We need 1000 poor sports shoe makers WAY more than we need that one billionare sports shoe CEO.
Really, those poor dudes produce more than he ever does.
We could send the CEO to the gas chamber tomorrow and no one would notice, gas the poor shoe slaves and we start running out of sports shoes.
Bill Gates does NOT build millions of computers or print and package millions of software bundles, infact he doesn't even make ANY.
Capitalism not only MAKES poor people it NEEDS poor people, it uses and exploits them to produce wealth and effectively steals it right out from under them.
Beause its all about transfer of the wealth from the majority who actually produce it to the minority who "own" it.
Marx had a few truely insightful moments and identifying where the real wealth creation in society occurs is one of the more undeniable and important points he made.
Seriously someone mentioned Anne Rand a while ago and really, Atlas Shrugged is a total wank job.
Not so. The 1000 poor shoemakers are essentially interchangeable, you could kill them all and replace them with beggarly children, and beyond a brief training period, it wouldn't matter a bit. The CEO, on the other hand, is the guy paying for the factory, and the supplies, and the shipping. Without him, you have 1000 poor shoemakers making crappy shoes in their hovels, and none of the shoes will be exported for sale abroad.
Bill Gates doesn't produce computers, no... he produces ideas. Without his ideas, we would not be having this discussion, because there would be no home computers; they would be the exclusive province of research institutions, major corporations, and the government.
Your 'poor' people wouldn't actually produce much at all were it not for the riches of Capitalism giving them factories to work in and machines to run. Indeed, they'd be hard-pressed just to survive (refer to basically any time prior to the Industrial Revolution). But under Capitalism, they have access to means of production they could never get on their own, multiplying their efforts a thousandfold, and the rewards of those efforts similarly.
Marx was a deluded fool who didn't understand Capitalism at all.

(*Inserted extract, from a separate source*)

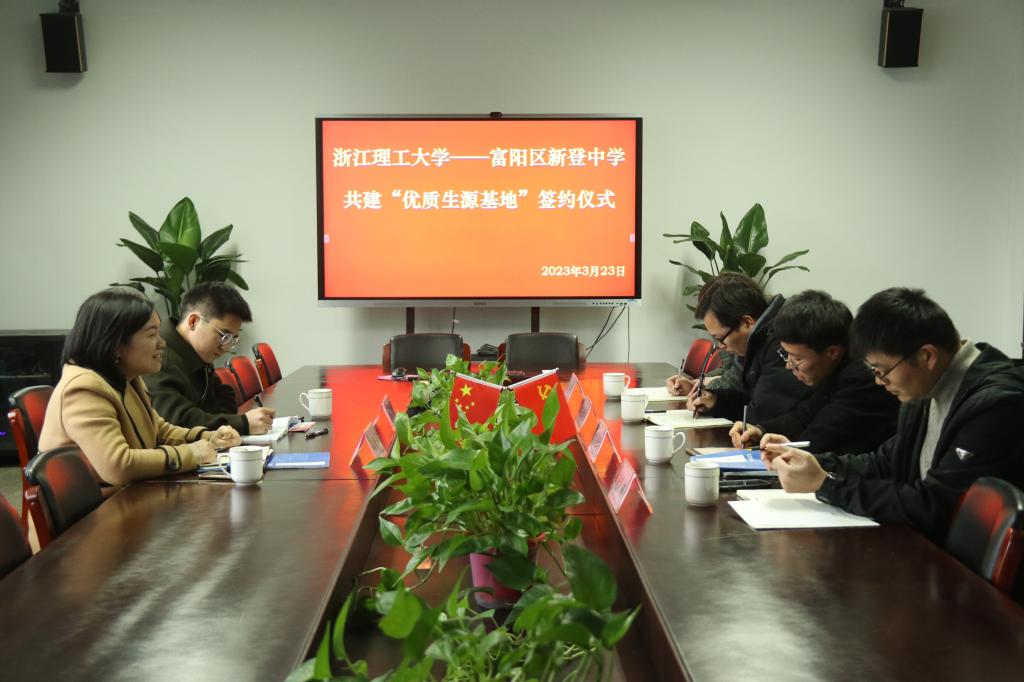 为进一步畅通人才输送和信息渠道,加强大学和中学的合作,吸引更多优秀学子报考kaiyun开云官方网站,3月23日下午,学院党委副书记陆秋萍一行赴富阳区与新登中学建立“优质生源基地”并开展招生宣传活动。“优质生源基地”签约授牌仪式在新登中学会议室举行,新登中学副校长俞锎锋、教务处主任崔金生、电教中心主任施轶林、教务处副主任黄丹丹出席仪式。仪式由俞锎锋主持。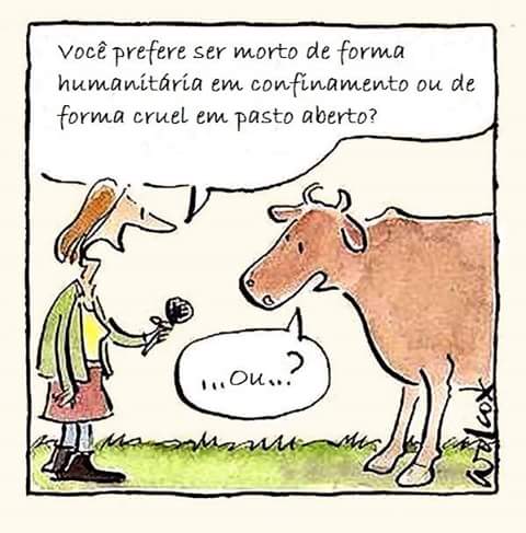 Vamos aos fatos. Em matadouros não considerados humanitários, os animais são mortos com golpes de marretas ou com tiros de espingardas em ambientes geralmente insalubres. E nos considerados humanitários, de acordo com o Sérgio Greif, por exemplo, há um conjunto de procedimentos que garantem o bem-estar dos animais que serão abatidos, desde o embarque na propriedade rural até a operação de sangria no matadouro-frigorífico. Mas veja bem, e ele acerta em cheio nesse ponto: termos como “humanitário” e “bem-estar” deveriam ser aplicados apenas nos casos em que buscamos o bem do indivíduo, e não para as situações em que ao final vamos matá-lo de alguma forma". O ato de matar o animal em questão já neutraliza e nega qualquer possível ato humanitário dirigido a ele.

Ayn Rand was a genius, although you foolish socialists don't appreciate it.
Neeek at [unixtime wrote:1170829183[/unixtime]]

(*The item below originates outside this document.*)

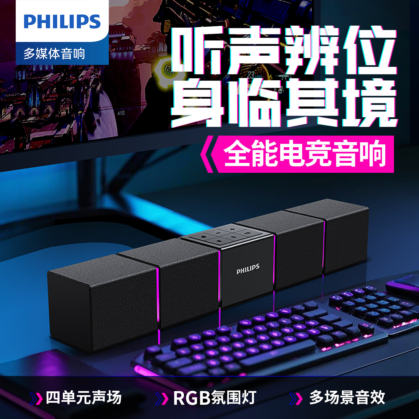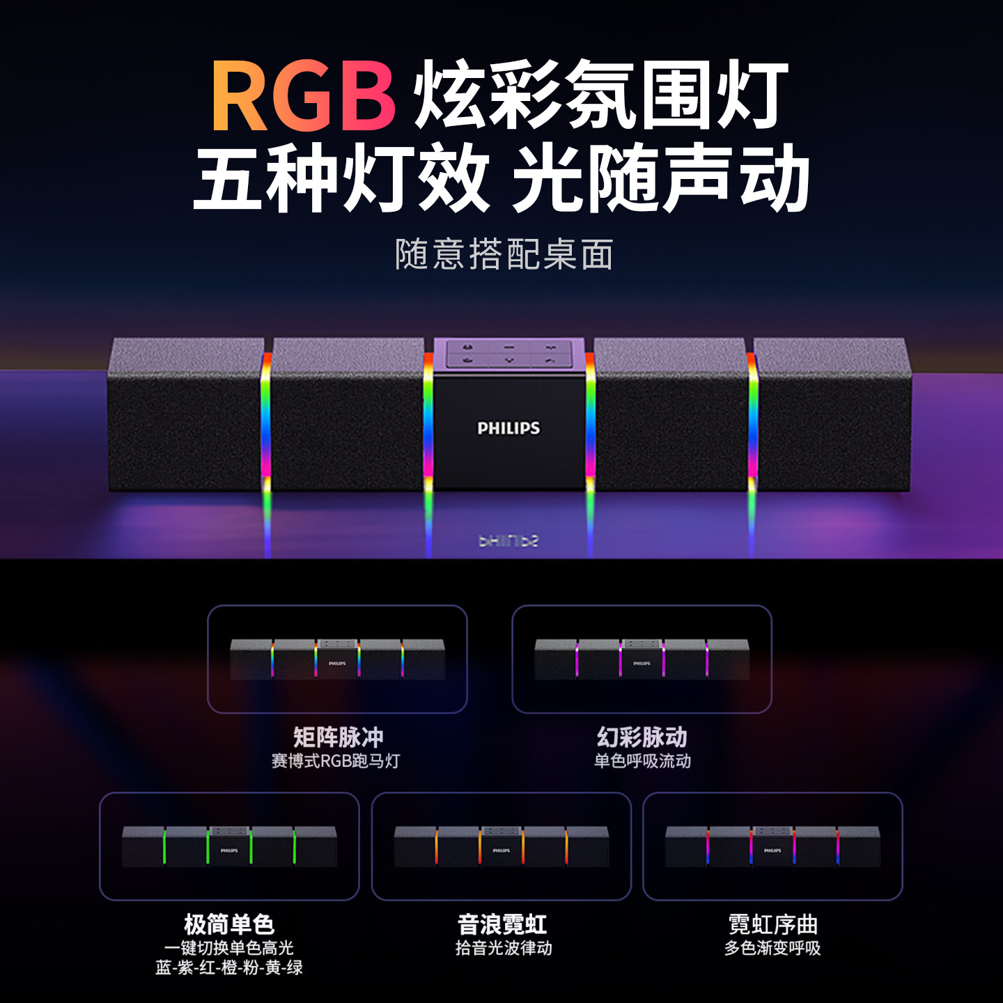 飞利浦电脑音响SPA5600台式家用蓝牙电竞音箱低音炮高音质RGB游戏

RandomCasualty at [unixtime wrote:1170828170[/unixtime]]
as I really can't think of way to eliminate CEOs without totally screwing the economy.

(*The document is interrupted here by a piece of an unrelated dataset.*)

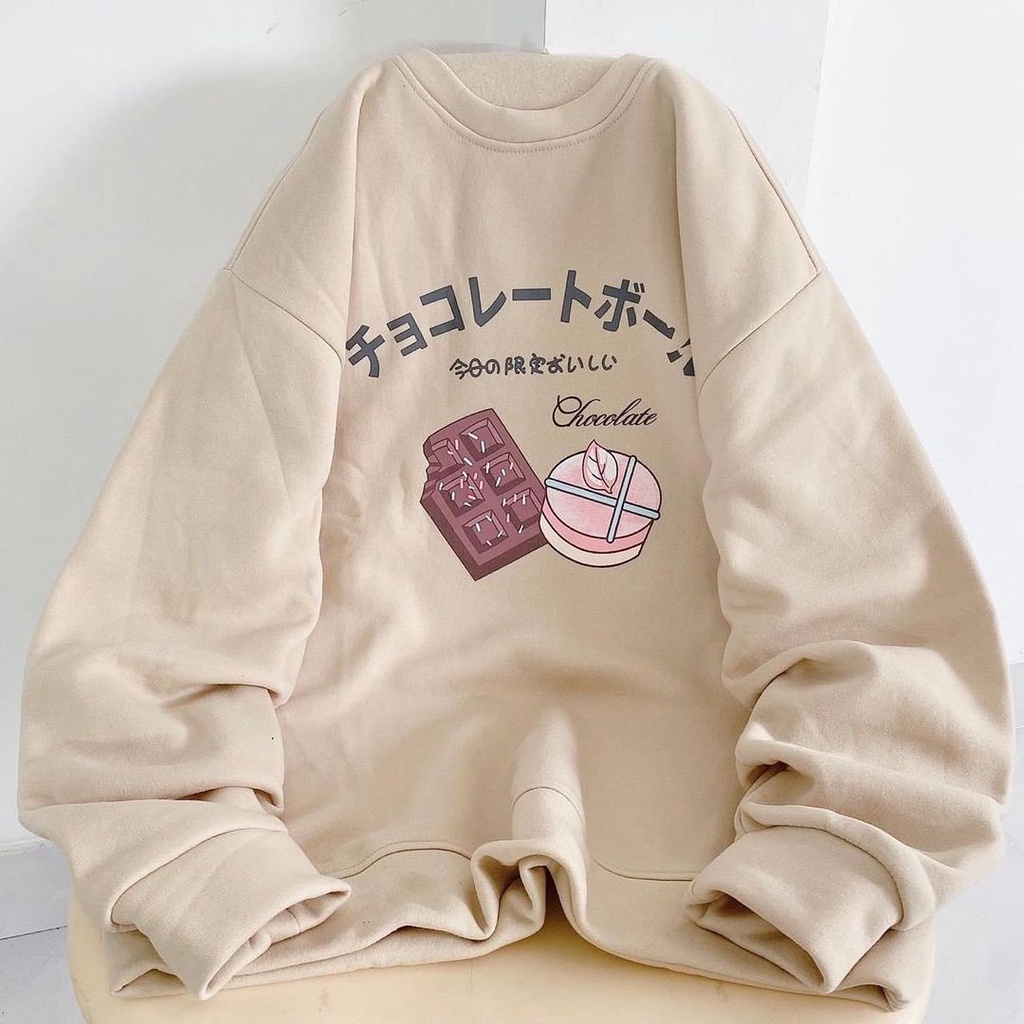 Beli Vallina Outfit Kanji Sweater Oversized Wanita Crewneck - Moca di sini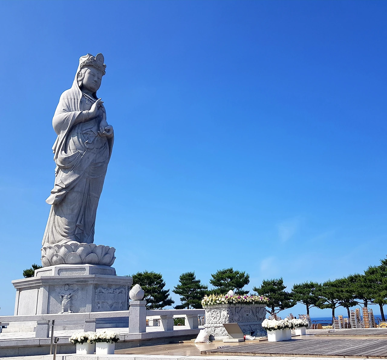 예전에는 오랜 역사를 간직한 귀한 우리의 자랑스러운 문화와 경건함을 내포하는 깊은 무게감을 느꼈는데 이번에 만난 낙산사는 새롭고 산뜻함으로 아직도 계속되는 공사현장과 새롭게 조성된 변화된 모습 그리고 가끔씩 눈에 띄는 누군가의 시주라는 안내판이 왠지 낯설었다

Of course, there will always be CEOs. You can flat off every existing CEO, and you'd have almost the same number immediately afterwards. Whomever is in charge is definitionally the CEO, so removing the top guy makes the next guy in line the new CEO.
Replacing every CEO making over a million dollars a year with one who makes exactly a million dollars would cause a massive boom, however.
Not so. Do that, and you get... $300 million extra? $500 million? Let's be generous and call it a billion. Compare this to our $12 Trillion+ economy, and you'll see that any reduction in CEO salaries is just an extra cupfull of water in the ocean.